Required action: The listing below should be reproduced precisely, except for its images.

Information provided:

- - - - - - -

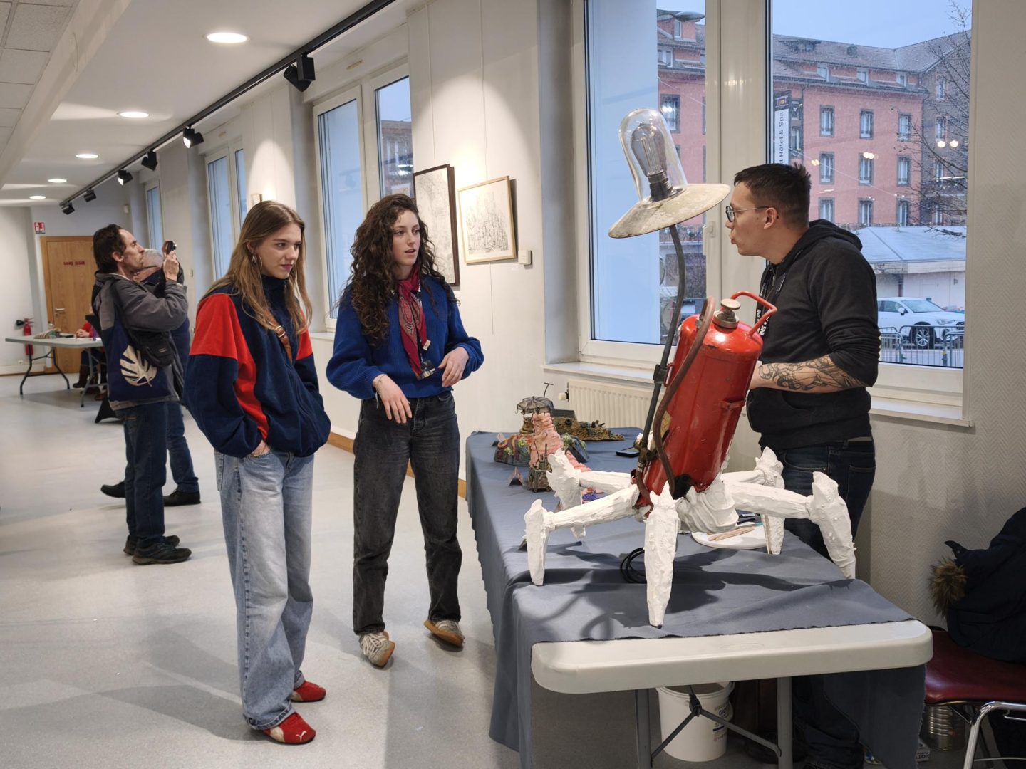 Avec le retour du chapiteau sur la place du Tilleul, c’est l’exposition arts plastiques qui s’est déplacée de la Villa Monplaisir au rez-de-chaussée de l’espace Tilleul, en lieu et place du Grimoire. Un choix judicieux car cette salle est, rappelons-le, habituée à accueillir des artistes en tous genres et tout au long de l’année. Plus proche du centre-ville, elle offre une meilleure exposition (sans mauvais jeu de mots) à celles et ceux qui ont été sélectionnés cette année et qui étaient réunis ce jeudi après-midi à l’occasion du traditionnel vernissage. L’occasion pour la présidente du festival Anne Villemin de remercier les forces vives qui ont permis de monter ce nouvel opus, à savoir Martine et Béatrice, bénévoles en charge de dénicher les exposants, mais aussi la ville de Gérardmer qui met à disposition les lieux.
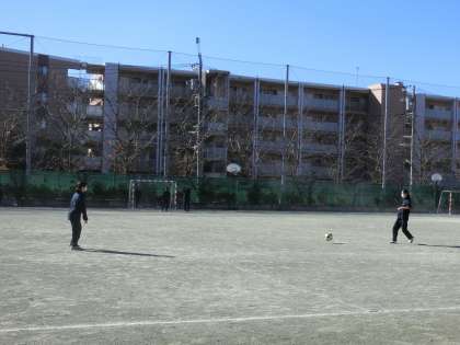 大混雑のボロ市から戻ると、冬の青空の中サッカーに取り組む2年生の姿がありました。思わずカメラを向けると「あっ、ホームページにのるよ〜」というつぶやきが聞こえます。はい、大丈夫です。ちゃんと載せましたからね(菅野)
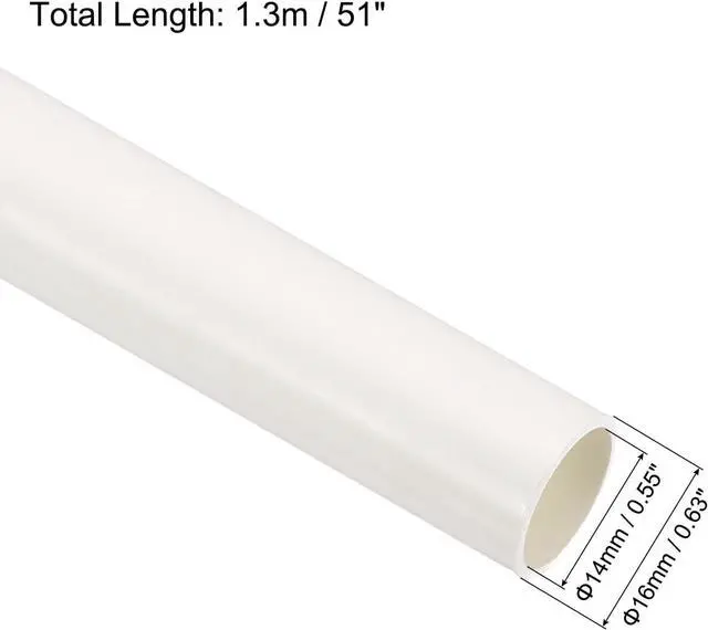 Total Length: 1.3m/51 inch; Outer Diameter: 16mm/0.63 inch; Inner Diameter: 14mm/0.55 inch;Color:White;In the package of: 4 x PVC Conduit Pipe
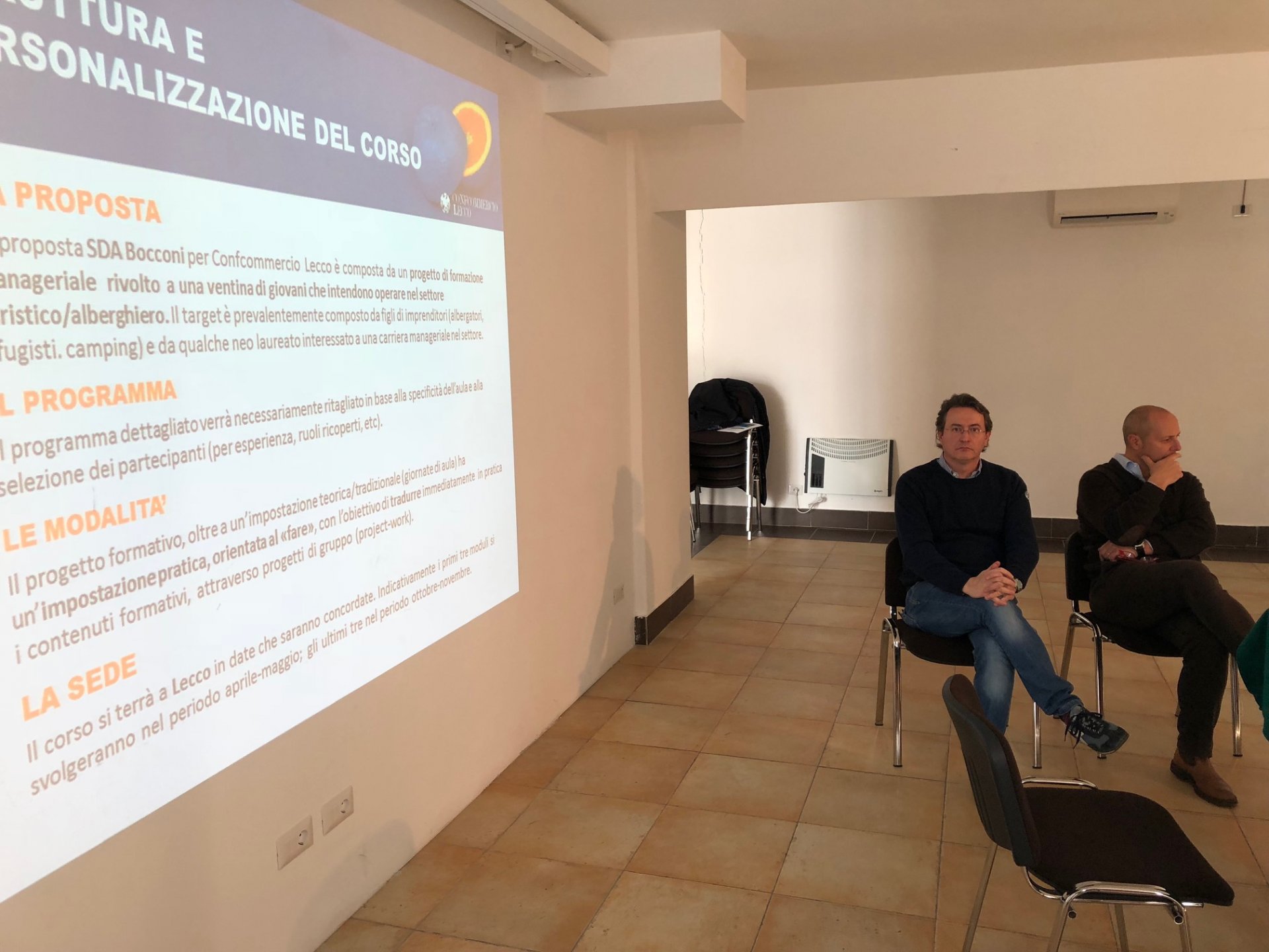“Questo è un progetto per il territorio e a misura delle vostre esigenze – ha esordito il presidente Peccati – E’ una opportunità da cogliere al volo, un investimento da fare per crescere e avere una visione strategica. Queste 18 giornate, con un partner di livello assoluto come SDA Bocconi, possono darvi la possibilità di svoltare e dare un’impronta nuova alla vostra attività. Come Confcommercio Lecco ci crediamo, abbiamo deciso anche quest’anno di investire risorse su questa proposta formativa e ci auguriamo che siano tanti gli imprenditori lecchesi che sappiano cogliere questa occasione unica, che permette di crescere con insegnamenti mirati e senza improvvisare alla cieca in un ambito così complesso come quello del turismo”.

- - - - - - -

Response to this exercise:
 Avec le retour du chapiteau sur la place du Tilleul, c’est l’exposition arts plastiques qui s’est déplacée de la Villa Monplaisir au rez-de-chaussée de l’espace Tilleul, en lieu et place du Grimoire. Un choix judicieux car cette salle est, rappelons-le, habituée à accueillir des artistes en tous genres et tout au long de l’année. Plus proche du centre-ville, elle offre une meilleure exposition (sans mauvais jeu de mots) à celles et ceux qui ont été sélectionnés cette année et qui étaient réunis ce jeudi après-midi à l’occasion du traditionnel vernissage. L’occasion pour la présidente du festival Anne Villemin de remercier les forces vives qui ont permis de monter ce nouvel opus, à savoir Martine et Béatrice, bénévoles en charge de dénicher les exposants, mais aussi la ville de Gérardmer qui met à disposition les lieux.
 大混雑のボロ市から戻ると、冬の青空の中サッカーに取り組む2年生の姿がありました。思わずカメラを向けると「あっ、ホームページにのるよ〜」というつぶやきが聞こえます。はい、大丈夫です。ちゃんと載せましたからね(菅野)
 Total Length: 1.3m/51 inch; Outer Diameter: 16mm/0.63 inch; Inner Diameter: 14mm/0.55 inch;Color:White;In the package of: 4 x PVC Conduit Pipe
“Questo è un progetto per il territorio e a misura delle vostre esigenze – ha esordito il presidente Peccati – E’ una opportunità da cogliere al volo, un investimento da fare per crescere e avere una visione strategica. Queste 18 giornate, con un partner di livello assoluto come SDA Bocconi, possono darvi la possibilità di svoltare e dare un’impronta nuova alla vostra attività. Come Confcommercio Lecco ci crediamo, abbiamo deciso anche quest’anno di investire risorse su questa proposta formativa e ci auguriamo che siano tanti gli imprenditori lecchesi che sappiano cogliere questa occasione unica, che permette di crescere con insegnamenti mirati e senza improvvisare alla cieca in un ambito così complesso come quello del turismo”.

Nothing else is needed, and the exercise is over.